2010-07-01
Abstract
In 1997, Virus Bulletin published an overview of virus activity in the Indian subcontinent. The piece ended with a series of predictions. Andrew Lee now picks up where that article left off and examines where the predictions were borne out, and where they failed to meet reality.
Copyright © 2010 Virus Bulletin
In April 1997, Mr Neville Bulsara wrote an article in Virus Bulletin (see VB, April 1997, p.16), giving an overview of virus activity in the Indian subcontinent. He ended his interesting article with a series of predictions (always a risky undertaking). Since I have spent the last 18 months working in the geographic area he wrote about, I felt it would be interesting to update his article and to examine where his predictions were borne out, and where they failed to meet reality.
Briefly, his predictions were (paraphrasing):
The days of viruses are numbered – macro viruses are a threat, but will not continue to be so.
Many systems in India use MS-DOS, which explains why file viruses are more prevalent than in Windows-using countries, but this will change.

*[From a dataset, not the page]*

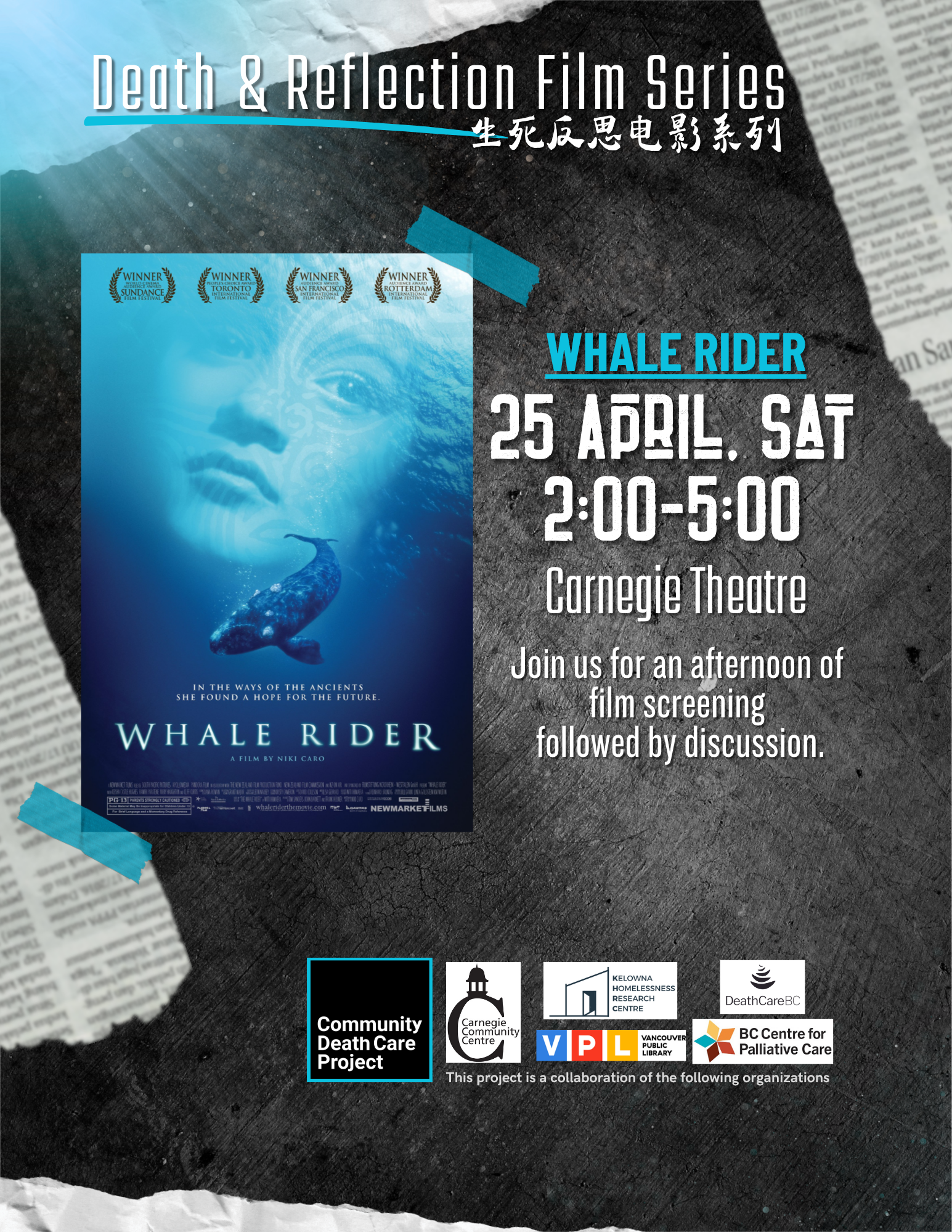 25 April, Saturday Starting at 2:00 pm Theatre @ Carnegie CC Main Floor Drop-ins welcome! Whale Rider On the east coast of New Zealand, the Whangara people believe their presence ...

Viruses can be written for all platforms: these will not be a major threat as most are written by people who lack the expertise to write Windows-based viruses.
The Internet is the place to watch as regards potential entry points for viruses.
Viruses written for Windows 95 or NT are unlikely to get very far, even if they are posted to the Internet – at worst, only systems downloading them will be infected as people do not share Windows applications across computers.
Excel spreadsheets are not a threat as they are only of interest within the same organization or industry.
Over a period of time, the number of viruses that appear will decrease dramatically: this does not mean that there will be no viruses, but that there will be too few to support an industry [presumably he meant the AV industry] in its own right.
Anti-virus will be sold as part of a suite of components as an added ‘throw-in’. Companies recognizing the inevitable will slash their prices long before the collapse, to sell as much as they can while the going is good [in Mr Bulsara’s opinion this process had already begun].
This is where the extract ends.